Thanks for this discussion - I have the same issue with an app where user may update a formset with >100 records in a single post. Like OP, it's not the performance issue per say that bugs me, just the wasted cycles and DB hits.

That ModelChoiceField is added to the form dynamically by BaseModelFormSet.add_fields(self, form, index) so that every form has a pk field:

         form.fields[self._pk_field.name] = ModelChoiceField(qs, initial=pk_value, required=False, widget=widget)

I think what we want that field to validate here is that the pk value in the post data matches the form's instance, (or that the pk value is None if form has no instance) i.e., we need to verify that no one tampered with the form's pk data on the round trip.

Might this approach work:

  • define a ModelPkField intended specifically to define a read-only pk field.
  • validation as above, no DB hit
  • ModelFormSet uses this field type to define these hidden pk fields, and returns the form's original instance if it validates

From what I can tell, this appears to similar to approach taken for FK field added to an InlineFormSet, which uses an InlineForeignKeyField to serve a similar purpose:

      form.fields[name] = InlineForeignKeyField(self.instance, **kwargs)

I don't mind having a kick at this can, but looking for some advice on whether this is even a reasonable idea?

Last edited 3 years ago by powderflask (previous) (diff)

comment:10 by powderflask, 3 years ago

Here's a gist with a first crack at the idea I proposed above: https://gist.github.com/powderflask/de0d3d6c6bef6c1b3890bdc1e83ff05c

It worries me that this code is so much simpler than the original.
Also, it may be that some client code relies on the private behaviour and is expecting the pk form field to be ModelChoiceField.
So I suspect a robust solution will need to handle more use-cases, but...

This code seems to work for the use cases I tested, saving formsets without any extra DB hits and flagging validation errors if the post data is tampered with.

If you want to try this, simply pass the EfficientModelFormSet into modelformset_factory:

       modelformset_factory( ... , formset=EfficientModelFormSet)

If I get some feedback here, I can work up some test cases and turn this into a pull request.

comment:11 by Carlton Gibson, 3 years ago

Hi @powderflask

It looks a bit like the Admin's raw_id_fieldswhich is widget based.

I gave a talk at DjangoCon Europe 2020 on optimising ModelChoiceField — the basic idea in the FormSet case being to set the choices directly in order to avoid regenerating them for each form. Take a look at that: does it address your issue?

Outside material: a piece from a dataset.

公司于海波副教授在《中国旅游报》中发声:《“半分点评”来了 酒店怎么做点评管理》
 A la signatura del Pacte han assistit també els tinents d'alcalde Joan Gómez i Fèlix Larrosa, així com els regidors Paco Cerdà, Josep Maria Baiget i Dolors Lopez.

in reply to:  11 ; comment:12 by powderflask, 3 years ago

Replying to Carlton Gibson:
@Carlton - thanks for the reply, for the interesting talk, and for all the work you do maintaining django. Awesome.
I regularly run into the issues you cover in your talk, and have applied all 3 solutions at various times - it was nice to see them all laid out, and I'll be glad for the menu of options in future.

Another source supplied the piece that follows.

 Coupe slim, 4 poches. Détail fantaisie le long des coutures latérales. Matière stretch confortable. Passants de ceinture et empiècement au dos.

But that's not at all the issue here.

This issue is about how django validates the hidden pk field automatically added to each form by BaseModelFormSet.
That hidden field is represented as a ModelChoiceField, so it hits the DB during validation, but for zero effect as far as I can tell - the form already has the instance. It's just a side-effect of the way ModelChoiceField (correctly) validates data that isn't needed here.

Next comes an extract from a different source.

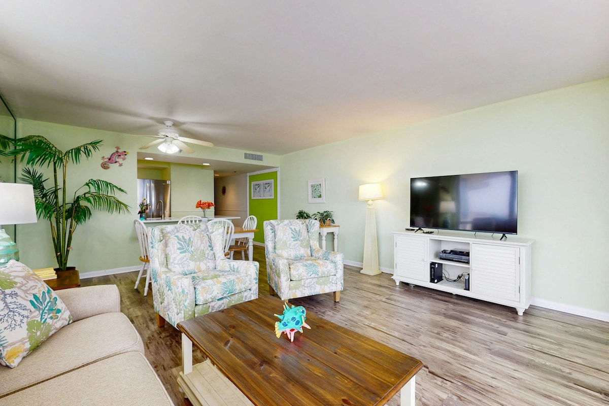 1BR with Gulf views, beach access, pool, & hot tub

What I think I see here is that using ModelChoiceField has several potential drawbacks:

  1. when saving a large modelformset, one redundant query is done for each record;
  1. if the form's pk data does get messed up (say by a buggy piece of JS), the behaviour of modelforset is a bit erratic and it may do any of these 3 things, all of which are unexpected (in my mind):
  1. if the form's pk data is not a valid value for the model's pk field, form validation fails but the error is attached to the hidden pk field, so is unlikely to be displayed to the user. Worse, the hidden pk field now has no value , but the rest of the form data looks the same to the end user. If the user just presses save again, a new instance is created with the form data - creating a kind-of duplicate of the original data.
  1. if the form's pk data is a valid value, but not in the formset's queryset, the form validates BUT the pk field for the instance is set to None. Thus, the save logic proceeds, and again, a new instance is created.
  1. if the bad pk data value happens to duplicate a pk that is in the queryset, the form validates and the save logic may overwrite one record with the other record's data, resulting in potential data loss .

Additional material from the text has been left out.